Migration and Urbanization on the Swahili Coast

Photo credit: Ryan Raaum

Dr. Ryan Raaum (Lehman College / CUNY) describes his ongoing NSF-funded project reconstructing the human population history of the East African coast. This interdisciplinary project brings together specialists in archaeology, skeletal biology, population genetics, and ancient DNA in order to unravel the establishment and transformation of human populations on the Swahili Coast.

Photo credit: Ryan Raaum

The Swahili Coast runs from Somalia to Mozambique, with the densest concentrations of known settlements on the coasts of modern day Kenya and Tanzania. Unlike their neighbors, the Swahili people of the East African coast are predominantly Muslim, wrote their language in the Arabic script prior to European colonization, and have constructed stone towns since the end of the first millennium CE. Until the 1970s, both foreign and local commentators generally viewed all "civilized" features of the region as introduced by trade and intermarriage with Arabs and Persians. In fact, the coastal culture and people were not considered African, but rather were assumed to descend from Near Eastern trading settlements. Swahili oral and written histories do little to dispel this notion of external influence, with traditions tracing family lineages to foreign ancestors.

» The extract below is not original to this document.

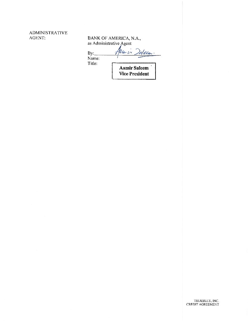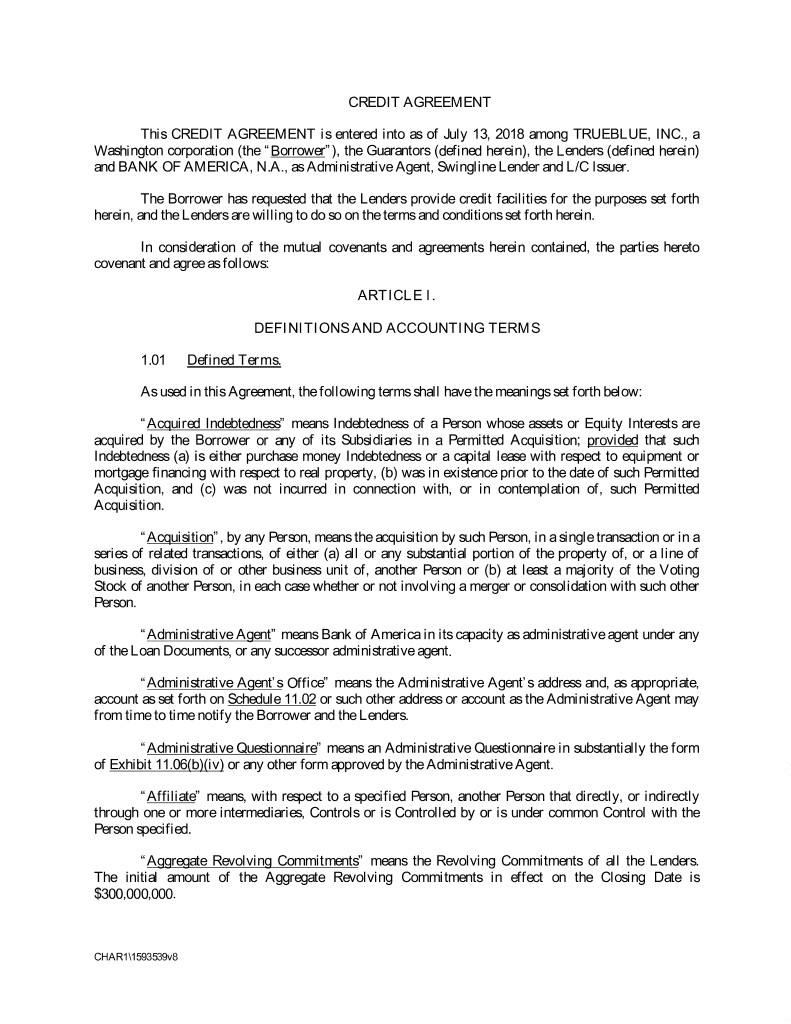 CREDIT AGREEMENT This CREDIT AGREEMENT is entered into as of July 13, 2018 among TRUEBLUE, INC., a Washington corporation (the “Borrower”), the Guarantors (defined herein), the Lenders (defined herein) and BANK OF AMERICA, N.A., as Administrative Agent, Swingline Lender and L/C Issuer. The Borrower has requested that the Lenders provide credit facilities for the purposes set forth herein, and the Lenders are willing to do so on the terms and conditions set forth herein. In consideration of the mutual covenants and agreements herein contained, the parties hereto covenant and agree as follows: ARTICLE I. DEFINITIONS AND ACCOUNTING TERMS 1.01 Defined Terms. As used in this Agreement, the following terms shall have the meanings set forth below: “Acquired Indebtedness” means Indebtedness of a Person whose assets or Equity Interests are acquired by the Borrower or any of its Subsidiaries in a Permitted Acquisition; provided that such Indebtedness (a) is either purchase money Indebtedness or a capital lease with respect to equipment or mortgage financing with respect to real property, (b) was in existence prior to the date of such Permitted Acquisition, and (c) was not incurred in connection with, or in contemplation of, such Permitted Acquisition. “Acquisition”, by any Person, means the acquisition by such Person, in a single transaction or in a series of related transactions, of either (a) all or any substantial portion of the property of, or a line of business, division of or other business unit of, another Person or (b) at least a majority of the Voting Stock of another Person, in each case whether or not involving a merger or consolidation with such other Person. “Administrative Agent” means Bank of America in its capacity as administrative agent under any of the Loan Documents, or any successor administrative agent. “Administrative Agent’s Office” means the Administrative Agent’s address and, as appropriate, account as set forth on Schedule 11.02 or such other address or account as the Administrative Agent may from time to time notify the Borrower and the Lenders. “Administrative Questionnaire” means an Administrative Questionnaire in substantially the form of Exhibit 11.06(b)(iv) or any other form approved by the Administrative Agent. “Affiliate” means, with respect to a specified Person, another Person that directly, or indirectly through one or more intermediaries, Controls or is Controlled by or is under common Control with the Person specified. “Aggregate Revolving Commitments” means the Revolving Commitments of all the Lenders. The initial amount of the Aggregate Revolving Commitments in effect on the Closing Date is $300,000,000. CHAR1\1593539v8

Since the 1980s, postcolonial archaeologists, linguists, and historians have shown that there is little evidence for these colonial scenarios of an Arab source for urbanization on the coast. Archaeological excavations have shown that the material culture of the region does not undergo any dramatic change from the pre-urban period to the urban period (roughly pre- to post-1000 CE). Mosques are introduced during this time and some settlements transition from non-stone to stone architecture, but the artifacts of day-to-day life do not change. Residents of pre-stone settlements and stone towns use the same pottery and other implements, have the same diets, and construct buildings and settlements on the same plan. This continuity is not consistent with the colonial idea that the stone towns were Arabian settlements. Linguistic analysis has also shown that the extensive Arabic vocabulary in the Swahili language is a later superficial addition to a fundamentally African language in the Bantu group of languages.

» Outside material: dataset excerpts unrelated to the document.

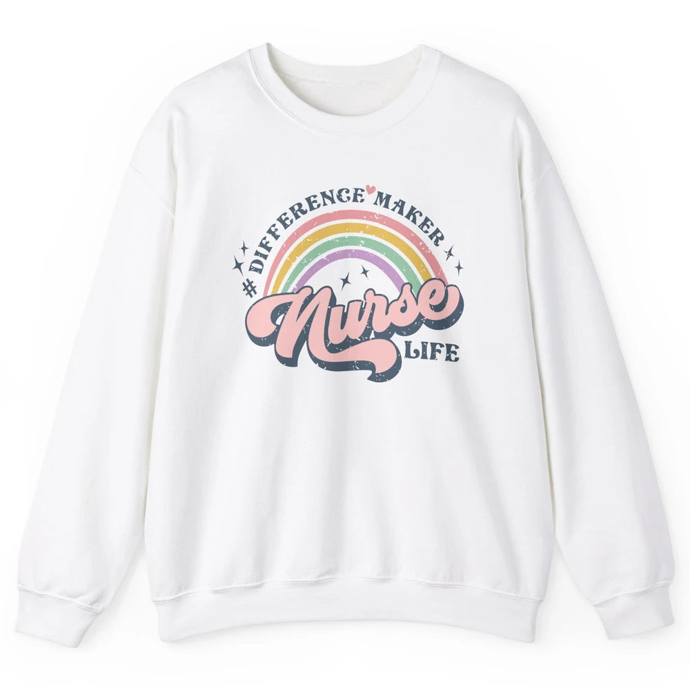 Nurse Life Rainbow Difference Maker Nurse Vibes Nursing Gift Unisex Crewneck Sweatshirt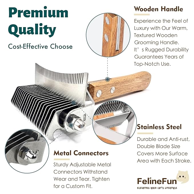 • ใ€๐—–๐—ผ๐—บ๐—ณ๐—ผ๐—ฟ๐˜๐—ฎ๐—ฏ๐—น๐—ฒ ๐—š๐—ฟ๐—ผ๐—ผ๐—บ๐—ถ๐—ป๐—ด ๐—˜๐˜…๐—ฝ๐—ฒ๐—ฟ๐—ถ๐—ฒ๐—ป๐—ฐ๐—ฒใ€‘Rounded Ends make it Safer on Sensitive Skin, Functioning as an Effective Undercoat Brush. The Anti-Slip High-Qulity Wooden Grip Guarantees a Comfortable and Relaxing Brushing Experience for Both you and your Feline Companion.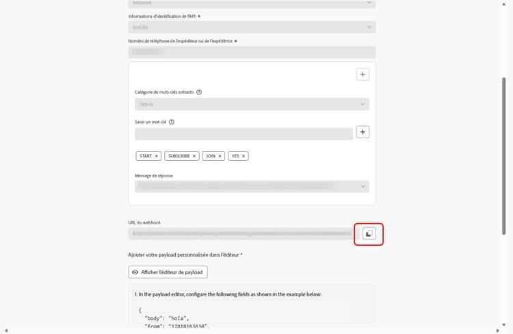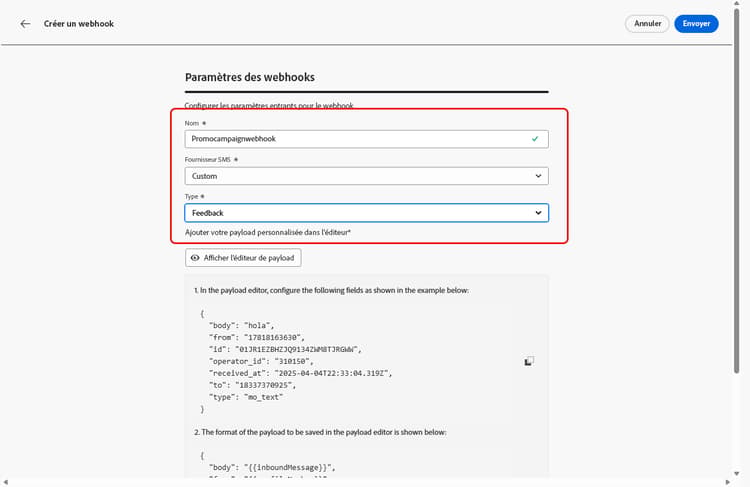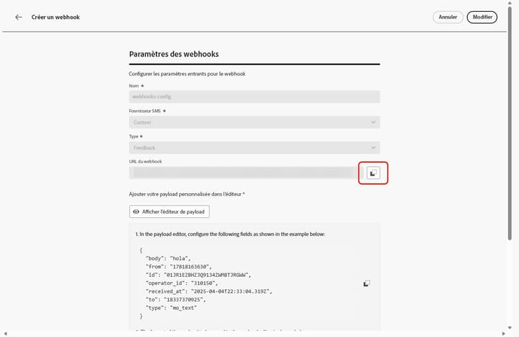 Configurez vos paramètres de webhook comme indiqué ci-dessous :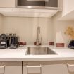 Varcando la soglia d'ingresso, si accede a una luminosa zona living, arredata con un comodo divano letto e una grande smart TV, ideale per momenti di relax o intrattenimento. La zona pranzo, armoniosamente integrata, offre uno spazio conviviale raffinato, mentre l'adiacente angolo cottura, progettato su misura, è dotato di elettrodomestici di ultima generazione che coniugano funzionalità e design.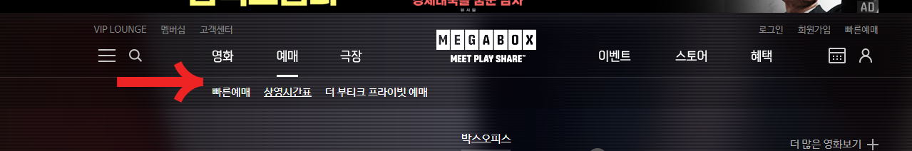- 맨 위 상단 카테고리 중 빠른 예매, 상영시간표, 더부티크 등이 있는데 이 중 빠른 예매를 눌러줍니다.
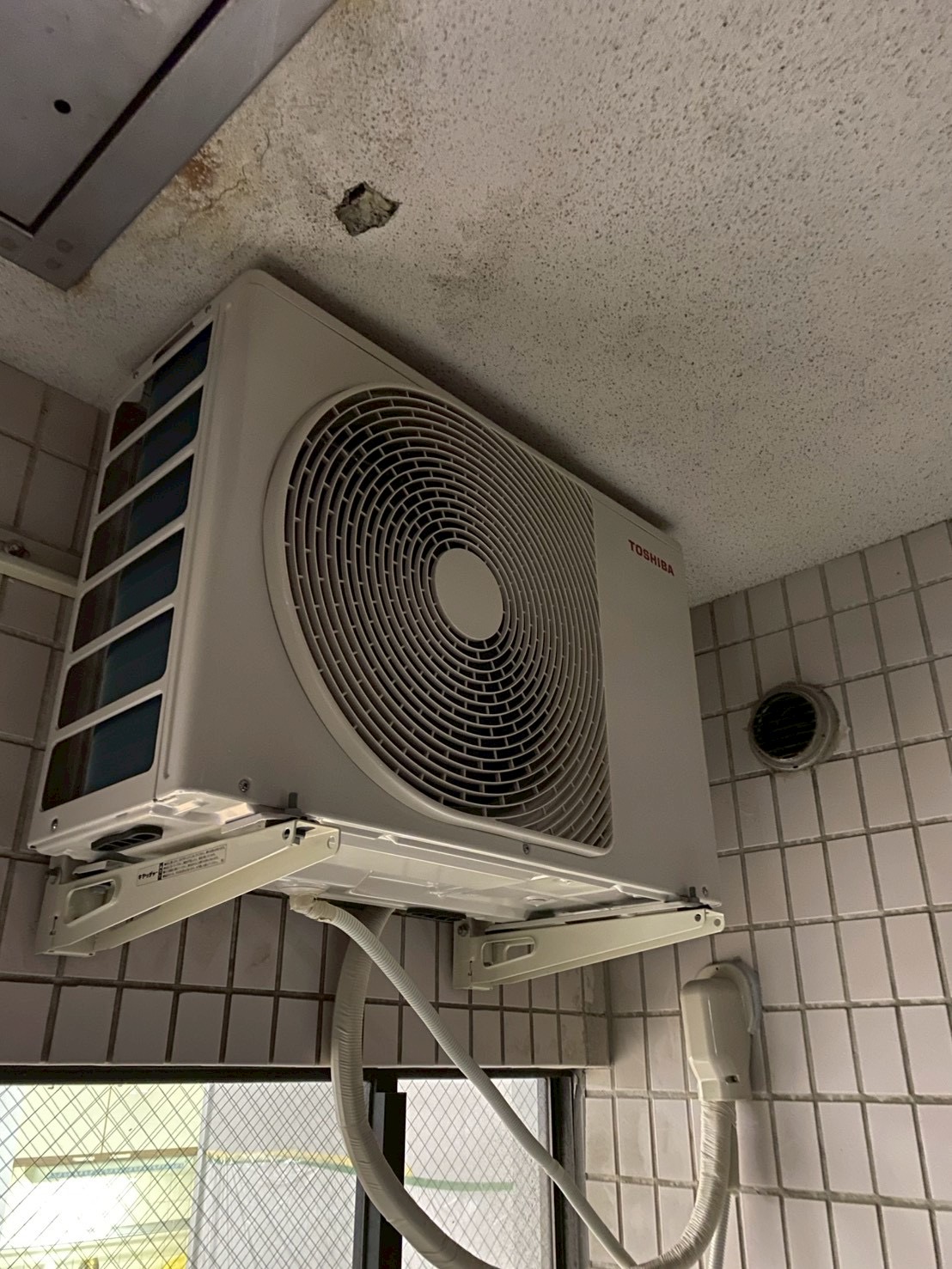 | 備考・コメント | 今回は、ビルオーナー様からエアコン設置が出来ない(配管を通す穴が無い室外機設置位置が分からない)他社様数社にお断りされてしまったとご相談頂き施工させて頂きました! 現地調査をさせて頂きましたが、エアコンの配管穴が無く簡単にエアコン設置が出来ない状況でした。 新たにエアコン用配管穴を開ける必要がある為、エアコン設置・ドレン配管勾配の問題がクリアできる穴あけ位置を見つけていきます。 今回はユニットバスに点検口(天井裏)があり一部ユニットバス天井裏へ配管を回せば穴あけ工事をしてエアコン排水の勾配確保も出来る判断が出来たので写真のルートにて配管設備・コンクリート躯体穴あけ工事を行いました! 水平器を使用し背板を取付し室内2カ所穴あけ工事をしていきます! ※冷房運転時に室外機から出る結露排水がしっかり屋外へ流れるように傾斜を確保出来る位置に穴あけ工事を行います! 建物外壁コンクリート穴あけ工事をしていきます! 排水の勾配確保・壁裏のユニットバスに干渉傷つけないように墨出し穴あけしました♪ コンクリート穴あけ工事は、開けるまでに2時間程かかりました。 ※外注工事となりますが、躯体レントゲン検査・時短で穴あけ工事も可能です。 室外機は、避難ハッチを避け窓上に新規壁面金具を取付して致しました! ※プロのエアコン専門店エアコンげんきでは、ビルやマンションにてエアコン新規設置の際は避難経路を室外機で妨げないように室外機設置のご提案をさせて頂きます! エアコン用コンセント位置が新規機器設置位置から離れていたので配線延長しコンセント移設させて頂きました! ※エアコンげんきでは、電源工事も経験豊富な有資格者がご対応させて頂きますのでご安心してお任せ下さい♪ 室内・室外配管カバー取付し美観を損なわない様仕上げました♪ 配管真空引き作業・試運転・通水テストを行い作業完了です。 今回は、2名作業にて約5時間程にて完了致しました! お客様からは、賃貸で貸し出す部屋にエアコン設置が出来ないと諦めかけてたけどエアコン設置が出来て一安心出来ましたとご満足して頂き嬉しい限りです♪ 他社様にお断りされてしまった・設置状況が複雑な難工事はプロのエアコン専門店エアコンげんきにお任せ下さい!! 現地調査・見積もり完全無料! お客様からのグーグル口コミ高評価多数獲得中! プロのエアコン専門店だからこそ価格・対応力・提案内容・施工に絶対の自信を持ってます♪ ルームエアコンの事はプロのエアコン専門店エアコンげんきに是非ともご安心してお任せください! お客様に100%満足をして頂けるよう有資格者が丁寧に寄り添いご対応させて頂きます! お客様のお問い合わせ心よりお待ちしております♪ |

Much of the Arabian influence on the coast can be traced to the 1700s, when Omani Arabs took political control of the region. The region was so important to the Omanis that from 1840-1861 the capital of the Sultanate of Oman was moved from Muscat to the island of Zanzibar off the coast of Tanzania (and subsequently split into separate Sultanates of Oman and Zanzibar). The period of Omani dominance initiated an Arabization of the local population, in which many Arabic words were assimilated into the Swahili language, local high-status families sought inter-marriage with politically dominant Omani families, and family lineage origins were re-discovered in Middle Eastern ports such as Shiraz in Iran. This Arabophilic milieu contributed to early investigators' conclusions that Arabs, Persians, and Israelites – and not Africans themselves - founded many of the preindustrial cities found in sub-Saharan Africa.

While our current understanding of the history of the region places indigenous populations at the center of developments, there are clear indications – both archeological and historic – of early foreign interactions, especially with Southwest Asia. The antiquity and volume of trade and exchange in the Indian Ocean Trading and Persian Gulf trading systems is beyond doubt. These trading complexes have linked East, South East, South and South West Asia to East, South and North Africa and the Mediterranean since at least 1000 BCE, and even into the Bronze Age (ca. 3500 – 1500 CE). Certainly the antiquity of African domesticates in Asia and Asian domesticates in Africa and distribution of trade goods in Africa, Southwest and South Asia attest to this interaction as far back as 2000 BCE if not before. And while the archaeological evidence does not support the idea of any predominantly Arab settlements in the region prior to the 1700s, the first definitive mosque on the coast is dated to the 800s at the site of Shanga in the Lamu Archipelago and the Arabic script is adopted for written Swahili by the 1200s.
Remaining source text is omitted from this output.